▸ **Required action**
From the first line to the last, give the material again exactly, without the images.

▸ **Data provided**
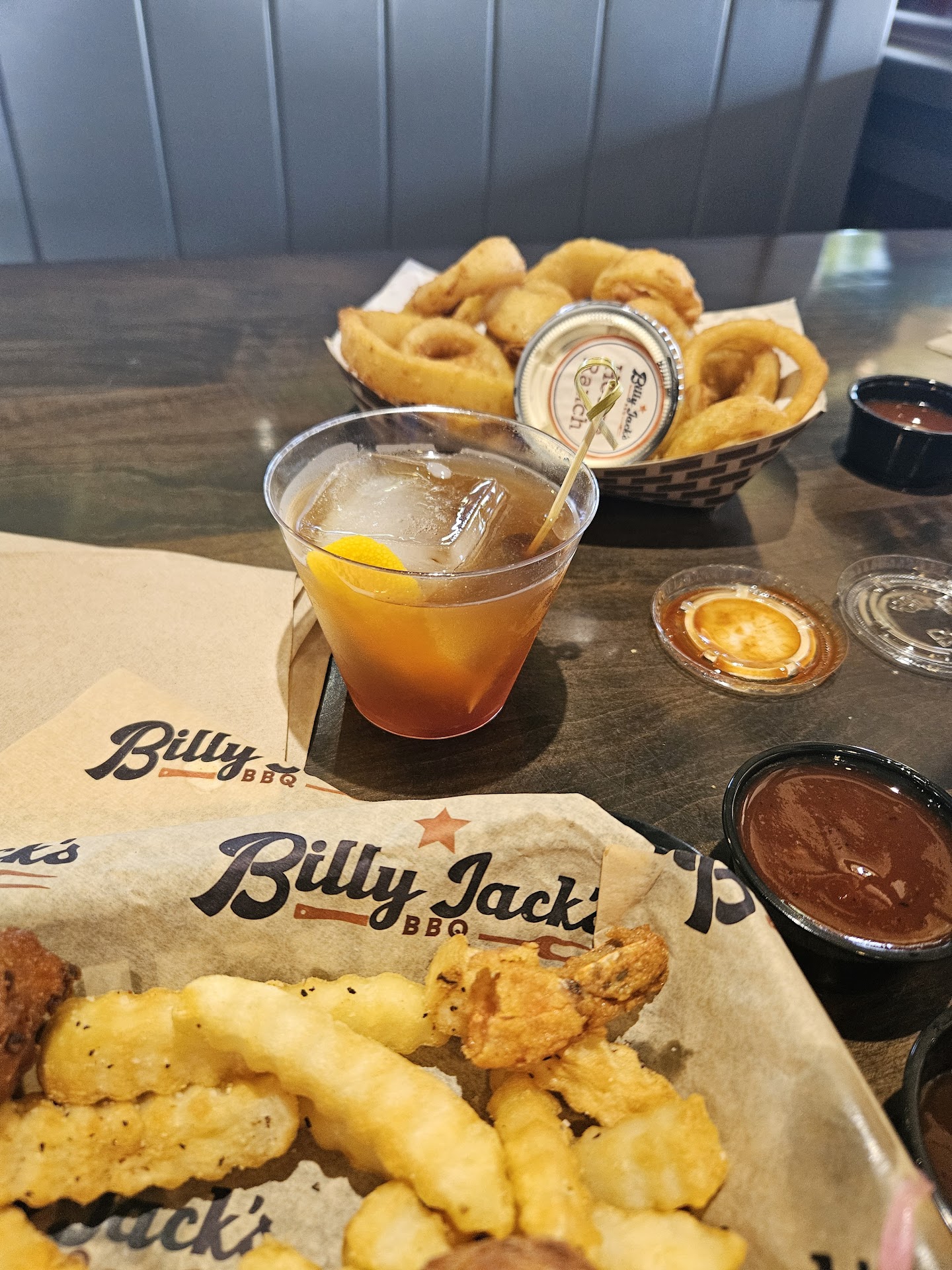 Read moreMy wife has been telling me about Billy Jacks for a bit now so since we were coming home from the beach we stopped in. Very open atmosphere with a great view of the St Johns. We ordered the Brisket sandwich, fried shrimp basket, the fried chicken special, hoecakes, and the old fashioned.
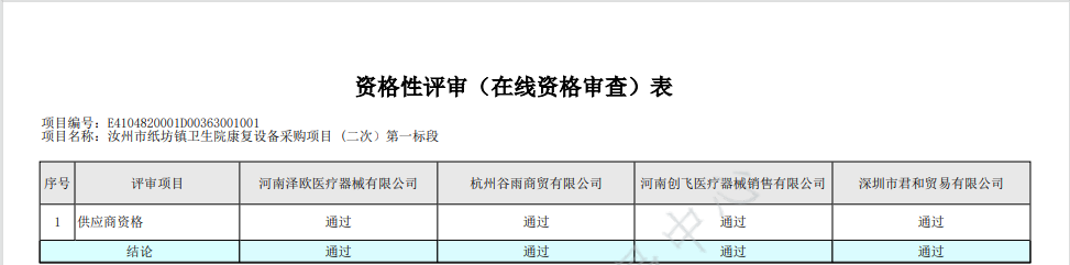 汝州市纸坊镇卫生院康复设备采购项目(二次)-中标公告
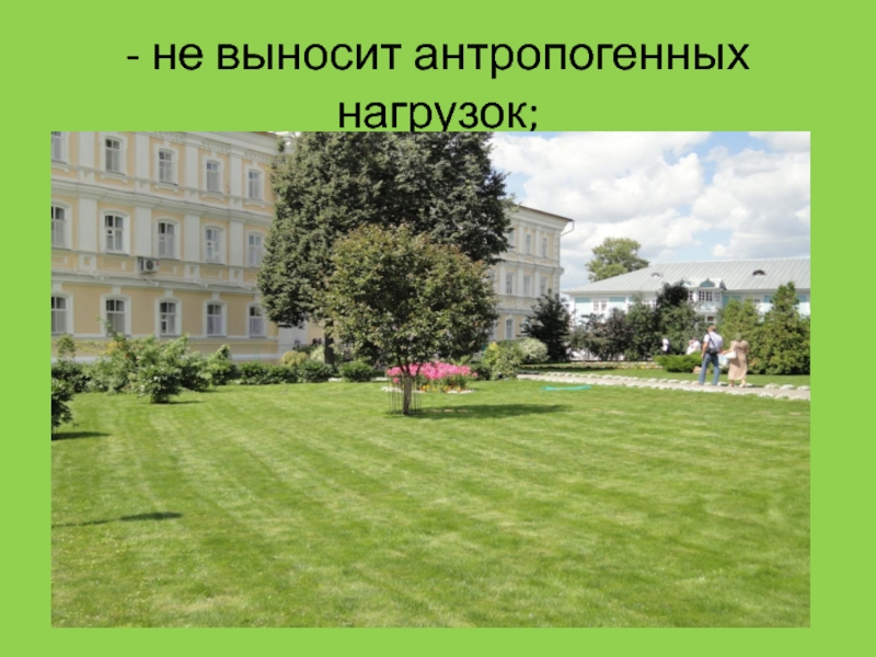 Слайд 13- не выносит антропогенных нагрузок;

▸ **Final answer**
 Read moreMy wife has been telling me about Billy Jacks for a bit now so since we were coming home from the beach we stopped in. Very open atmosphere with a great view of the St Johns. We ordered the Brisket sandwich, fried shrimp basket, the fried chicken special, hoecakes, and the old fashioned.
 汝州市纸坊镇卫生院康复设备采购项目(二次)-中标公告
 Слайд 13- не выносит антропогенных нагрузок;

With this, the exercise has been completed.